# 20 Business Statistics Questions

Please see attached file to view the tables.

1. The Y-intercept (b0) represents the

A) variation around the sample regression line.

B) predicted value of Y when X = 0.

C) predicted value of Y.

D) change in estimated average Y per unit change in X.

2. The slope (b1) represents the

A) predicted value of Y when X = 0.

B) estimated average change in Y per unit change in X.

C) variation around the line of regression.

D) predicted value of Y.

3. The least squares method minimizes which of the following?

A) SST

B) SSE

C) SSR

D) all of the above

4. The standard error of the estimate is a measure of the

A) explained variation.

B) variation of the X variable.

C) total variation of the Y variable.

D) variation around the sample regression line.

5.

TABLE 13-1

A large national bank charges local companies for using their services. A bank official reported the results of a regression analysis designed to predict the bank's charges (Y)-measured in dollars per month-for services rendered to local companies. One independent variable used to predict the service charge to a company is the company's sales revenue (X)-measured in millions of dollars. Data for 21 companies who use the bank's services were used to fit the model:

E(Y) = b0 + b1X

The results of the simple linear regression are provided below.

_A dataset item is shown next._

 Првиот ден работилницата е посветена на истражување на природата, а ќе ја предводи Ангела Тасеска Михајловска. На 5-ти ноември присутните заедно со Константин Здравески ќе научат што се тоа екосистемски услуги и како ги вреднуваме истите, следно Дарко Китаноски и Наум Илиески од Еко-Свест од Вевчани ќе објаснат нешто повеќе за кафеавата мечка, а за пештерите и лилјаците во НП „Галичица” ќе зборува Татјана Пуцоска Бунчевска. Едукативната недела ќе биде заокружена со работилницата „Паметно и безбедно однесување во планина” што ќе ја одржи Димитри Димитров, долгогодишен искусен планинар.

Y= -2,700 + 20X, SYX = 65, two-tailed p value = 0.034 (for testing b1)

Referring to Table 13-1, interpret the estimate of b0, the Y-intercept of the line.

A) There is no practical interpretation since a sales revenue of $0 is a nonsensical value.

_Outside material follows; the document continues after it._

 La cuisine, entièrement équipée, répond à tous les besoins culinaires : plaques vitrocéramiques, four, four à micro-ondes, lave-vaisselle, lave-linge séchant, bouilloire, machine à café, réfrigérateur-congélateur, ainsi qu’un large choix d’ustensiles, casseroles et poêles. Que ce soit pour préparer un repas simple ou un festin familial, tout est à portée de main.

B) All companies will be charged at least $2,700 by the bank.

C) About 95% of the observed service charges fall within $2,700 of the least squares line.

D) For every $1 million increase in sales revenue, we expect a service charge to decrease $2,700.

6.

TABLE 13-1

A large national bank charges local companies for using their services. A bank official reported the results of a regression analysis designed to predict the bank's charges (Y)-measured in dollars per month-for services rendered to local companies. One independent variable used to predict the service charge to a company is the company's sales revenue (X)-measured in millions of dollars. Data for 21 companies who use the bank's services were used to fit the model:

E(Y) = b0 + b1X

The results of the simple linear regression are provided below.

Y = -2,700 + 20X, SYX = 65, two-tailed p value = 0.034 (for testing b1)

Referring to Table 13-1, interpret the estimate of the standard deviation of the random error term (standard error of the estimate) in the model.

A) About 95% of the observed service charges equal their corresponding predicted values.

B) About 95% of the observed service charges fall within $65 of the least squares line.

C) For every $1 million increase in sales revenue, we expect a service charge to increase $65.

D) About 95% of the observed service charges fall within $130 of the least squares line.

7.

TABLE 13-1

A large national bank charges local companies for using their services. A bank official reported the results of a regression analysis designed to predict the bank's charges (Y)-measured in dollars per month-for services rendered to local companies. One independent variable used to predict the service charge to a company is the company's sales revenue (X)-measured in millions of dollars. Data for 21 companies who use the bank's services were used to fit the model:

E(Y) = b0 + b1X

The results of the simple linear regression are provided below.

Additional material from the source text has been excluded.